◆ DATA BLOCK ◆
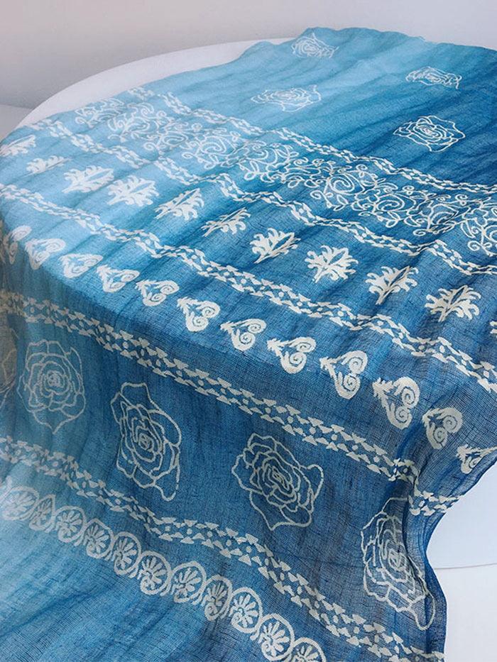 Adoptez la sérénité de la nature avec notre foulard en lin indigo fait main, une danse délicate d'élégance et de tranquillité.
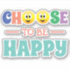Fun design that says Choose in colourful letters and two yellow happy faces where the O should be, To Be in orange text and Happy in a teal text.
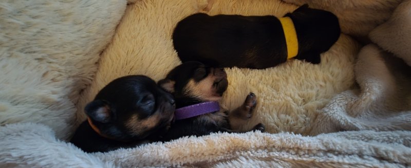 They will leave with their 1st injections, microchiped, puppy pack including a blanket with mums smell, toys and a starter pack of the food they've been weaned on.

◆ ASSIGNED TASK ◆
In your copy, include no pictures; print every line above exactly.

◆ OUTPUT FOR THIS TASK ◆
 Adoptez la sérénité de la nature avec notre foulard en lin indigo fait main, une danse délicate d'élégance et de tranquillité.
Fun design that says Choose in colourful letters and two yellow happy faces where the O should be, To Be in orange text and Happy in a teal text.
 They will leave with their 1st injections, microchiped, puppy pack including a blanket with mums smell, toys and a starter pack of the food they've been weaned on.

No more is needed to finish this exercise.